In addition to the medicine cabinets, Hirst created cavinets containing objects as museological specimens, including cigarettes, shells, glasses and surgical instruments. Expanding in the theme of pharmaceuticals he explored in earlier works, Hirst created a series of stainless steel cabinets containing facsimile pills, each individually produced to replicate actual medicine. In Lullaby, the seasons 2002, there is a distinct association through the title between songs that lull children to sleep and the sleep inducing effects of pharmaceuticals.


PHARMACEUTICALS


PRIMAL FEAR "I thought, well, if I can get one in a big enough space, actually in liquid, big enough to frighten you, that you feel you're in there with it, feel that it could eat you, it would work."

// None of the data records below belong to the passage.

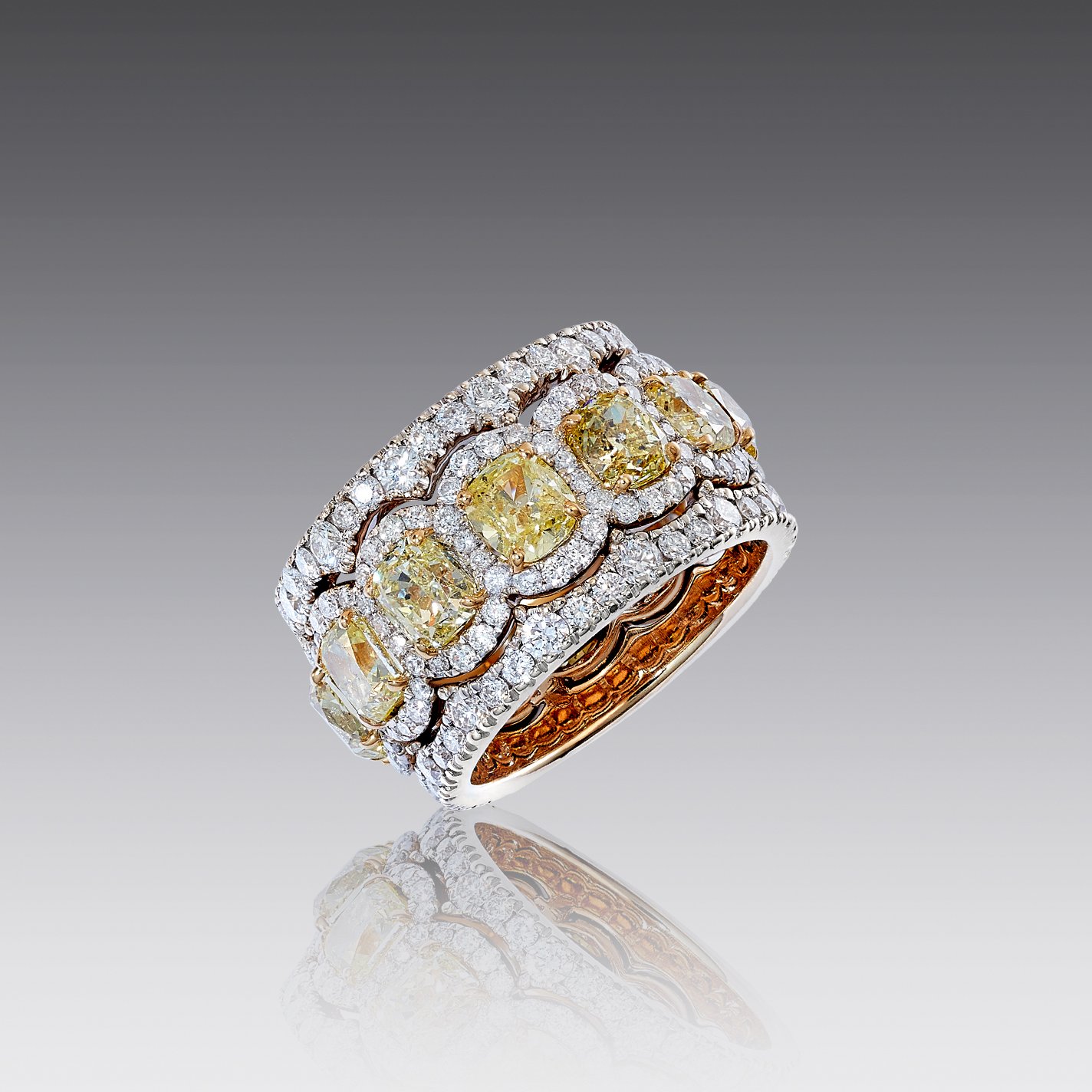 – 18kt white gold – 3.60cttw yellow fancy cushion diamonds – 1.08cttw white diamonds
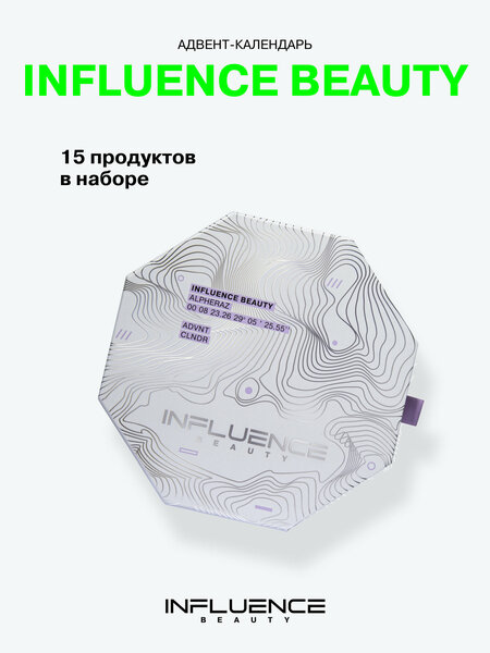 Представьте футуристичный адвент-календарь, который выглядит как восьмиугольная топографическая карта, где каждая грань — это уникальная координата на поверхности альтернативной звезды. Она — как скрытая планета с собственным рельефом и загадочными ландшафтами, указывающими точку на этой незнакомой территории. Адвент-календарь INFLUENCE BEAUTY, вдохновленный реальной топографией, — настоящая навигационная карта с ориентирами, к которым можно «прибыть» и исследовать каждый уголок. Внутри — 15 окошек, за которыми скрываются новинки и бестселлеры бренда: светоотражающий массажный консилер, фетровая ультрачерная подводка, тающие матовые румяна, удлиняющая тушь, палетка теней и другие средства. Открывая их, вы шаг за шагом соберете идеально сбалансированный набор. Это не просто коллекция продуктов, а гармонично подобранная косметичка, которая расскажет историю бренда, погружая в мир инноваций и красоты.
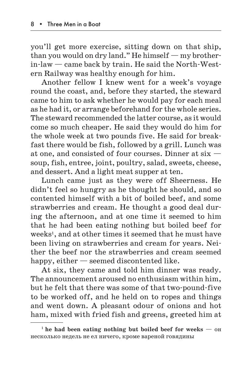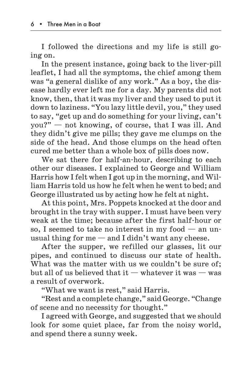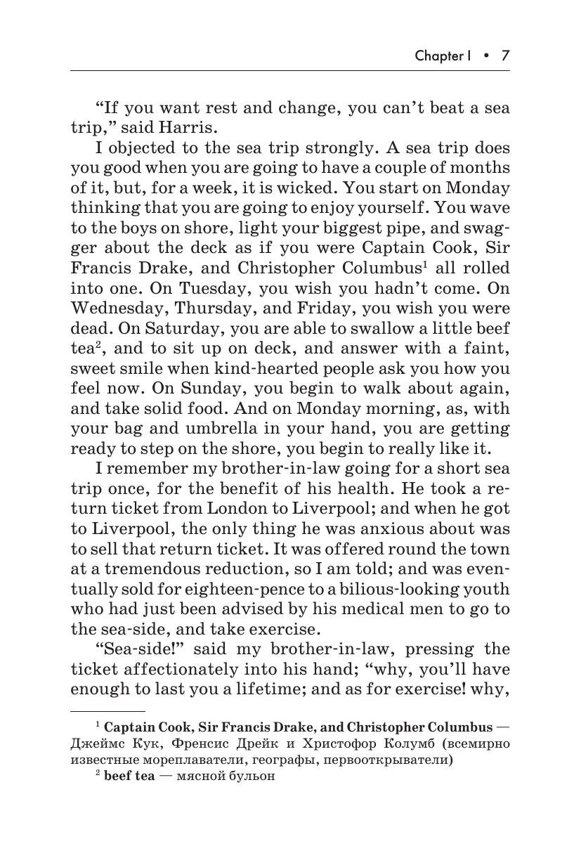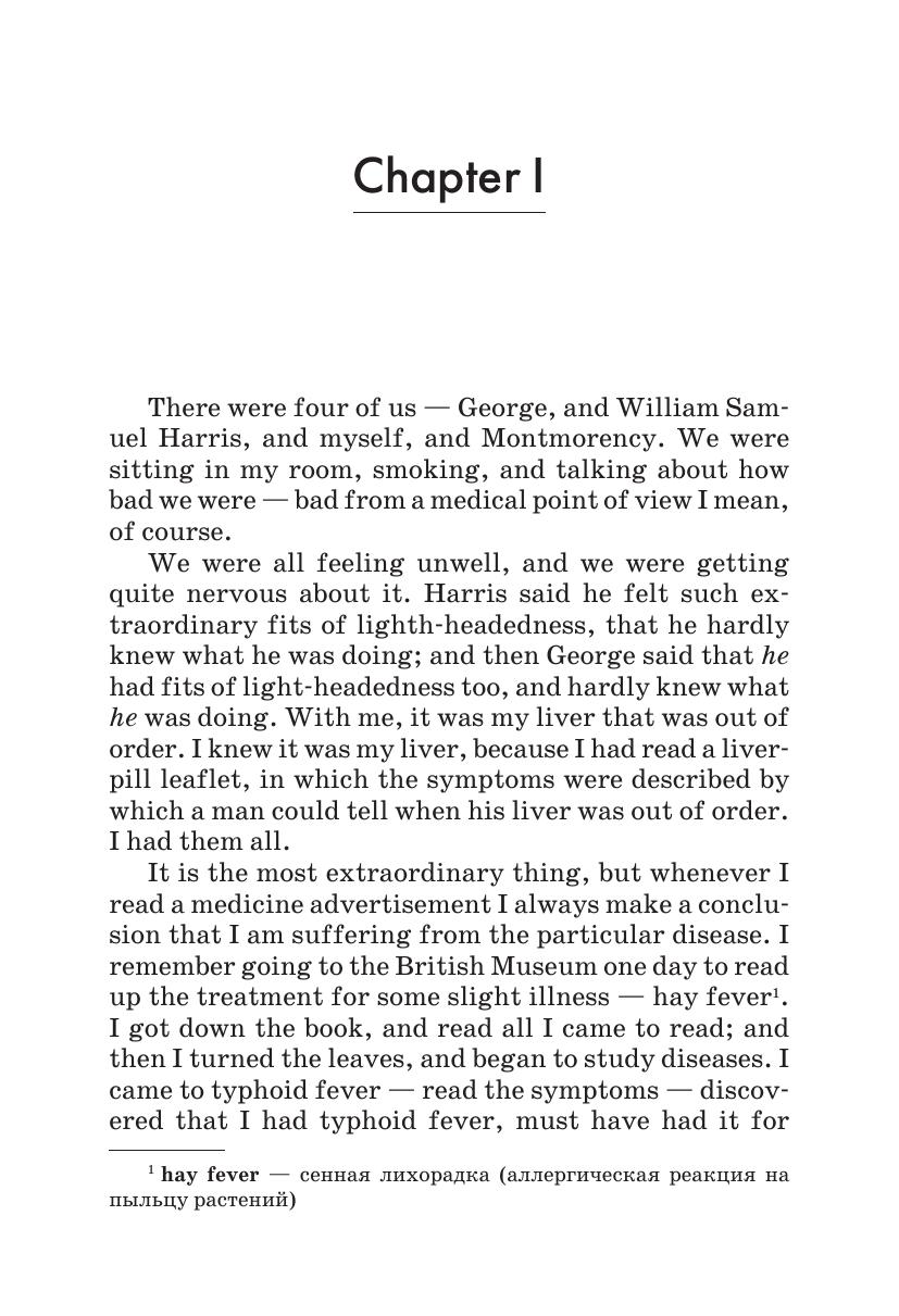 В данном издании вниманию читателя предлагается адаптированная и сокращенная версия известнейшей повести Джерома К. Джерома «Трое в лодке, не считая собаки». Автор описывает приключения троих друзей и их пса, отправившихся в путешествие на лодке по реке Темзе. Книга остается любимой поколениями читателей благодаря искрометному юмору Джерома.
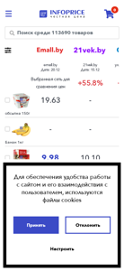 | SEO-описание | INFOPRICE — сравнение цен онлайн на товары в магазинах Минска. Акции, Скидки, Листовки, Купоны, Промокоды Беларусь. Скачать мобильное приложение в Google Play и AppStore. |
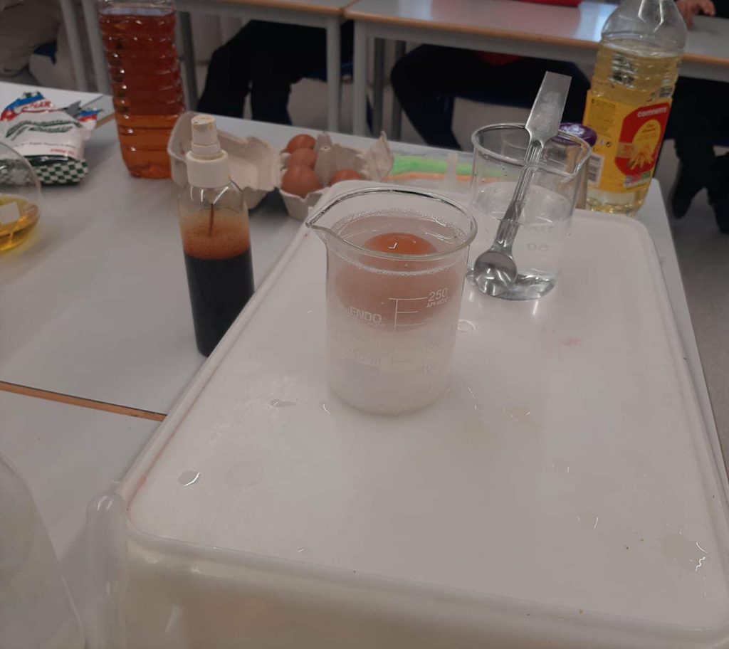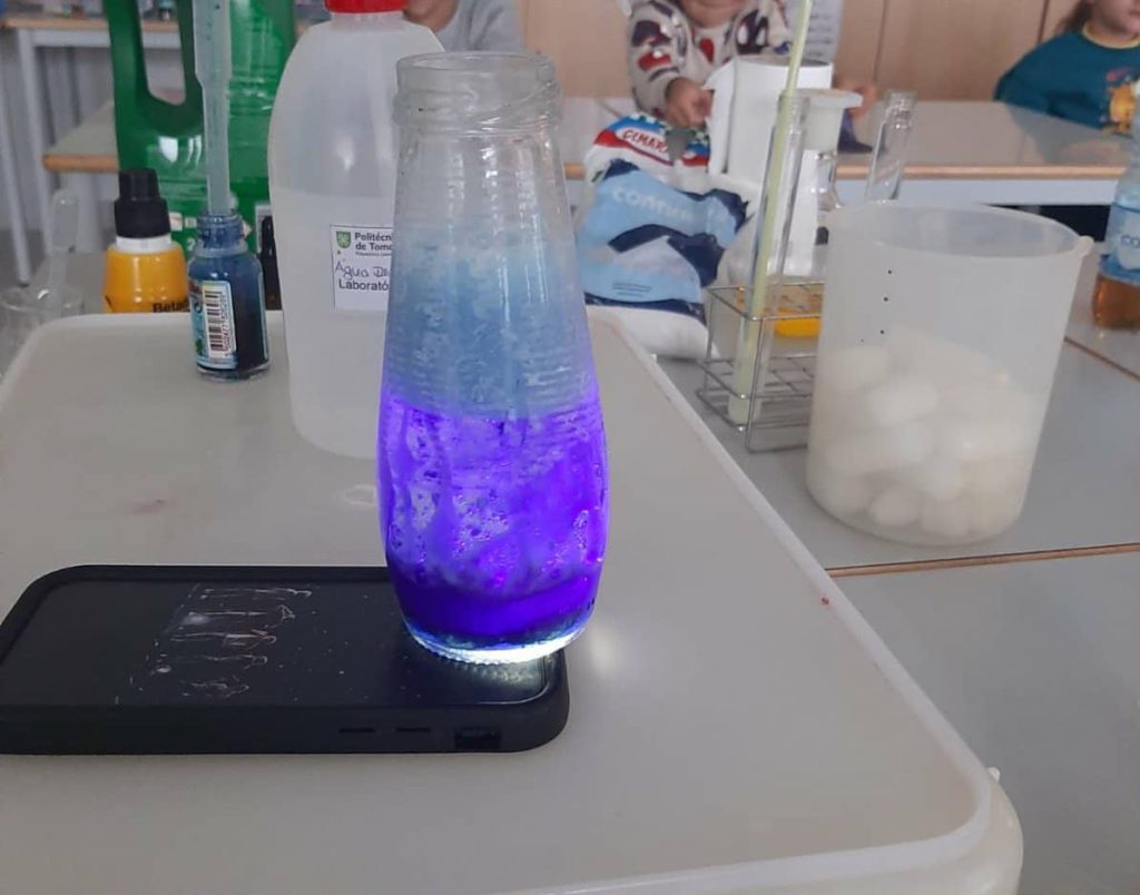 A atividade teve como objetivo aproximar os alunos da ciência através de experiências práticas que demonstram a presença da Química no quotidiano. Entre as demonstrações realizadas destacaram-se o candeeiro de lava, a escrita invisível e o vulcão de lava, o ovo que flutua e a garrafa que enche o balão, experiências que despertaram curiosidade e promoveram aprendizagens significativas.
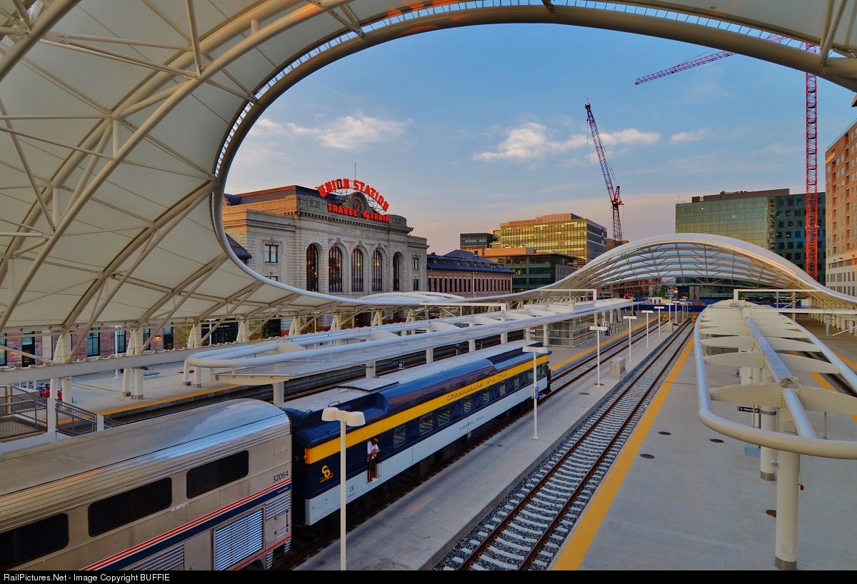 Dawn begins to break as the morning California Zephyr, under the watchful eyes of the crewman of the private car Chapel Hill No3, backs into the newly renovated Denver Union Station. The new station platform incorporates a sweeping canopy and the many shops inside of the main building offer food, books, and Denver souvenirs.
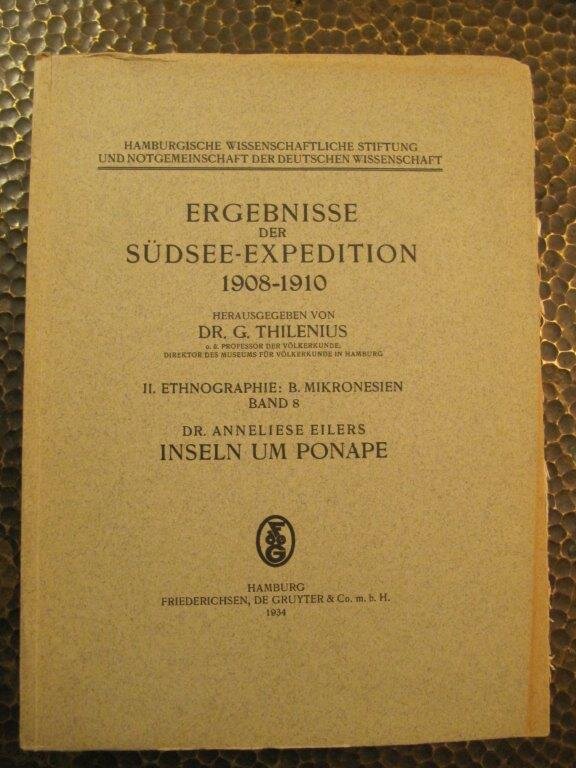 Hambruch, Dr. Paul / Eilers, Dr. Anneliese. Ponape. 2. Teilband. Hamburg, De Gruyter & Co., 1936. EA. Mit einer farbigen und 9 s/w-Tafeln mit fotogr. Abb. sowie weiteren 176 Abb. im Text (Zeichnungen). XVI, 1Bl., 386 S. Gr.-4°. Ergebnisse der Südsee-Expedition 1908-1910. II. Ethnographie: B. Mikronesien. Band 7. Obr., teils unaufgeschnitten. Tadelloser Zustand, sauber, vollständig, kein Bibl.-Expl. Selten, mit ausgezeichnetem Abb.-Material. Bestellnummer: kai1604 Preis: 190 EUR Versandkonditionen |
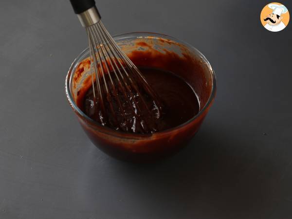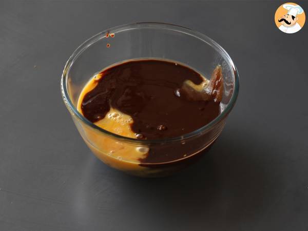 Die Kastaniencreme in eine Schüssel geben. Geben Sie die Eier hinzu. Butter und Schokolade schmelzen. Alles in die Schüssel gießen.
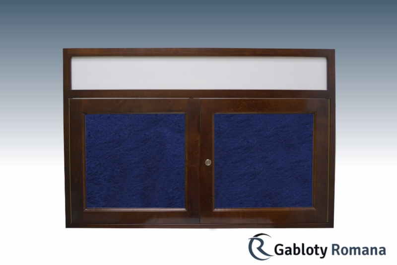 Wysoką jakość i trwałość gablot ogłoszeniowych, drewnianych zapewniamy używając do produkcji litego, sosnowego drewna. Górę gabloty stanowi płyta plex mleczna o wysokości 17 cm opatrzona logo bądź napisem w/g specyfikacji Klienta (w wariancie z oświetleniem logo jest podświetlone od tyłu). Głębokość gabloty drewnianej wynosi 7 cm. W standardzie nasze gabloty informacyjne, drewniane zabezpieczamy lakierem. Dodatkowo na życzenie klienta drewno może być bejcowane na kolor z listy znajdującej się poniżej. Do dwuskrzydłowych, gablot ogłoszeniowych stosujemy 4 mm szyby zwykłe. Wnętrze gabloty drewnianej, wewnętrznej stanowi biała magnetyczna płyta, malowana proszkowo. Zawartość gablot zabezpieczamy zamkami patentowymi. Do produkcji naszych gablot ogłoszeniowych używamy wyłącznie certyfikowanych części polskich, duńskich i niemieckich.

The title of The Physical Impossibility of Death in the Mind of Someone Living was originally a line from an essay Hirst had written as a student. It stuck in his memory until he had developed it into an actual shark, suspended in formaldehyde that would provoke a primal fear in the viewer. A Thousand Years 1990 is the first of Hirst’s works to incorporate an arrangement of components inside a glass vitrine. A life cycle is played out inside this piece, in which maggots hatch inside a minimal white box, develop into flies and feed on a severed cow’s head. Many meet their end on an insect-o-cutor whilst others survive to continue the cycle. While the glass vitrine alludes to a clean minimalistic geometry, the inside is messy and uncontrollable as the organic matter decays.



BEAUTY AND FRAGILITY


The spin paintings are made with household gloss paint, like the spot paintings. To create each of these works, each canvas is spun on a turntable while different coloured paints are poured onto it from above. This allows him to exercise some distance in their execution, resulting in works that are a celebration of colour. In some of these works, the same form of rotation used in creation is utilised in display, constantly changing the perception of the work.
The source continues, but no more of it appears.